PHILADELPHIA FREEDOM

Memoir of a Civil Rights Lawyer

by David Kairys

Pub Date: Oct. 1st, 2008
ISBN: 978-0-472-03310-2
Publisher: Univ. of Michigan

Recollections of a career devoted to fighting for social justice.

Kairys (Law/Temple Univ.; With Liberty and Justice for Some, 1993, etc.) has sifted through hefty files of documents to reconstruct events in and out of court and to re-create conversations with clients, witnesses, judges and other lawyers. The result is a fully fleshed-out memoir of life on the front lines of the civil-rights movement. Beginning as a public defender, the author was not yet a member of the bar when he took up the cause of James Jiles, an escapee from a chain gang who was facing extradition to Georgia. Through legal research, impressive powers of reasoning and persuasion, plus sheer chutzpah, Kairys carried the day in this case as he would in many future ones.

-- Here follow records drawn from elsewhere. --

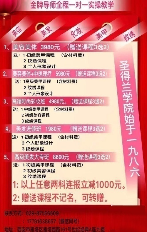 学校是经西安市人力资源和社会保障局批准成立的一所专业技能培训学校,是一所顶级的美容美发化妆名校,同时也是职业资格证书考评基地,在全国极具影响力。学校发展30年来相继开设有美容、化妆、美甲、美发、纹绣等十几个专业,我校讲师均具有国家高级职称,均由国家执业资格考官亲自督导。学校配套国家劳动技能出版社专业教材施教,全日制教学,大型实习大厅全天为学生开放,提供充足的实习场地,电教系统完善,配有香港国际流行的先进技术演示,使学员领略二十一世纪国内外最先进、最新潮、最权威的美容、化妆、纹绣风采。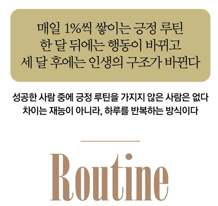 "성공해서 루틴이 생기는게 아니라,루틴이 그들을 성공으로 이끌었다"고 말이죠.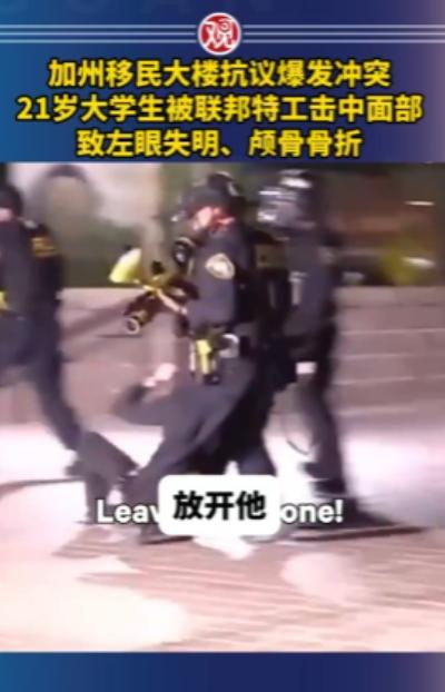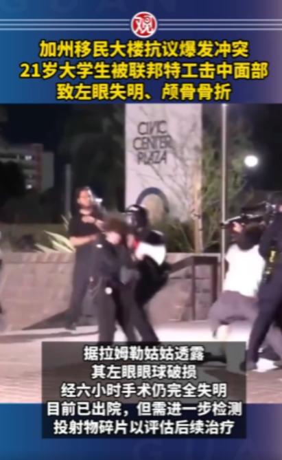 美国加州爆发抗议示威,一名21岁的大学生被特工一枪托爆头,眉骨断裂,眼睛失明。但
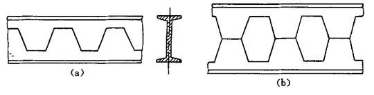 图11-123 锯齿合成梁 (a)把轧制的工具钢按锯齿状切开;(b)将切开的(a)焊成为锯齿合成梁 |

In 1971, with funding from the National Emergency Civil Liberties Committee, he and a partner opened a private practice that owed much of its work to, as Kairys puts it, “the brutality and lawlessness of the Philadelphia police.” When a group of Catholic antiwar activists broke into a draft-board office in nearby Camden, N.J., his firm defended the “Camden 28,” a case that drew national attention and revealed that the FBI had provided the tools for the break-in. The Bureau took it on the chin again when Kairys represented a black man in a racial discrimination suit against the FBI. He sued the CIA on behalf of the family of a scientist who died a week after a CIA researcher gave him a dose of LSD secretly mixed in a drink. The book’s drama comes from these high-profile cases, including a free-speech suit brought by Dr. Benjamin Spock that went to the Supreme Court, but the author’s account of how he managed to bring about changes in bail procedures and methods of jury selection are equally absorbing and provide a disturbing picture of the workings of the courts.

Easy reading, pleasantly suffused with the idealism and activism of ’60s and ’70s.